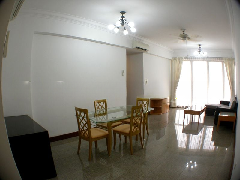 Step into a bright and airy sanctuary at Eastpoint Green, where abundant natural light floods through the floor-to-ceiling windows, offering stunning views of the city skyline and lush greenery. The polished stone flooring and tasteful furnishings create an inviting ambiance that makes you feel right at home.
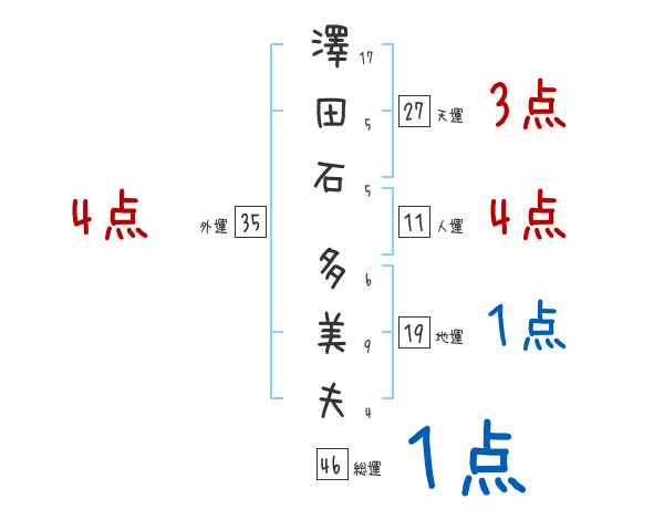外運![]() | 澤田石多美夫さんの外運は35画の4つ星!温厚な性格で感受性が高い。穏和な性格で人望が厚い。 生活面を象徴する運勢です。外部から受ける影響力を表し、結婚運、家庭運や職場、環境への順応性を表します。 |
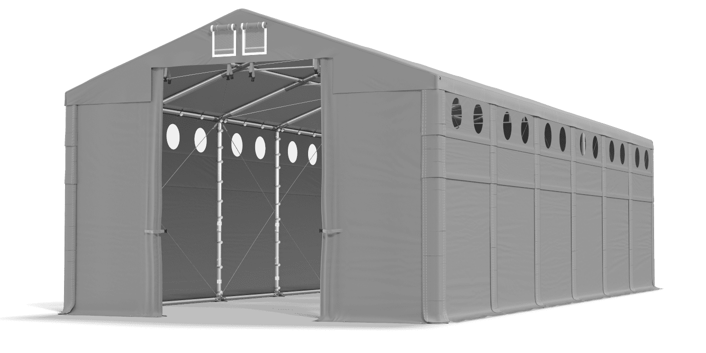 Opláchanie s okrúhlymi oknami je vyrobené zo silného PVC. Plarka je vodotesná, pevná a odolná voči UV žiareniu. V skladovom stane môžeme skladovať komerčné tovary, vozidlá, výnosy a stavebné materiály. Malé okná zabezpečujú interiér stanu. Sú umiestnené v hornej časti bočných stien, a preto je pre okoloidúci neviditeľný. Plarpaulín má systém rýchlej zmeny dĺžky Multi-size.
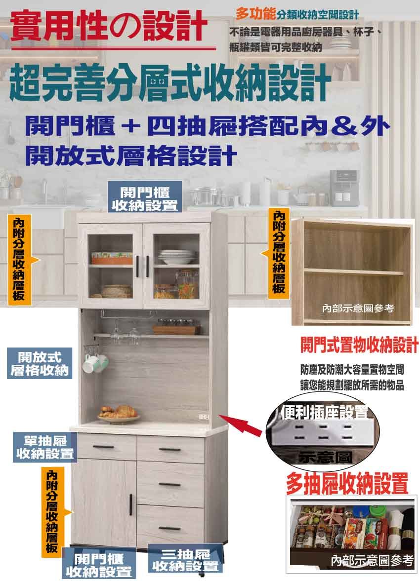 採用開門櫃+四抽屜+內&外開放層格等收納空間設計
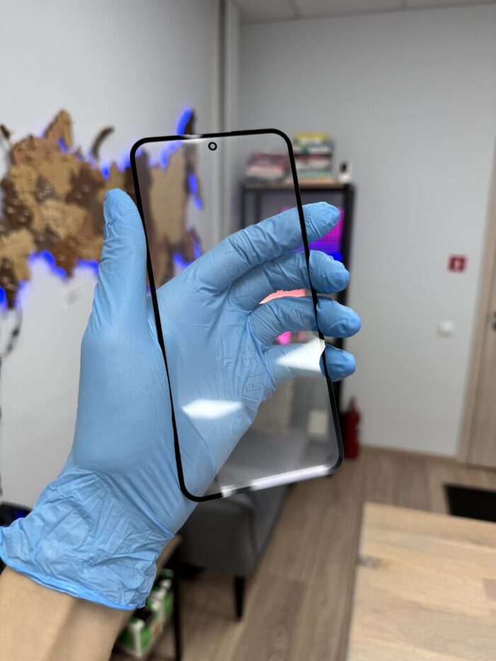 Удаляем все пылинки в антипылевой комнате и склеиваем матрицу с новым стеклом на оптически прозрачный ультрафиолетовый гель.

REQUIRED WORK: No pictures belong in the copy. Retype exactly, and only, the lines from the line containing "外運![]() | 澤田石多美夫さんの外運は35画の4つ星!温厚な性格で感受性が高い。穏和な性格で人望が厚い。" through the last line of the data, both included.

TASK ANSWER:
外運![]() | 澤田石多美夫さんの外運は35画の4つ星!温厚な性格で感受性が高い。穏和な性格で人望が厚い。 生活面を象徴する運勢です。外部から受ける影響力を表し、結婚運、家庭運や職場、環境への順応性を表します。 |
 Opláchanie s okrúhlymi oknami je vyrobené zo silného PVC. Plarka je vodotesná, pevná a odolná voči UV žiareniu. V skladovom stane môžeme skladovať komerčné tovary, vozidlá, výnosy a stavebné materiály. Malé okná zabezpečujú interiér stanu. Sú umiestnené v hornej časti bočných stien, a preto je pre okoloidúci neviditeľný. Plarpaulín má systém rýchlej zmeny dĺžky Multi-size.
 採用開門櫃+四抽屜+內&外開放層格等收納空間設計
 Удаляем все пылинки в антипылевой комнате и склеиваем матрицу с новым стеклом на оптически прозрачный ультрафиолетовый гель.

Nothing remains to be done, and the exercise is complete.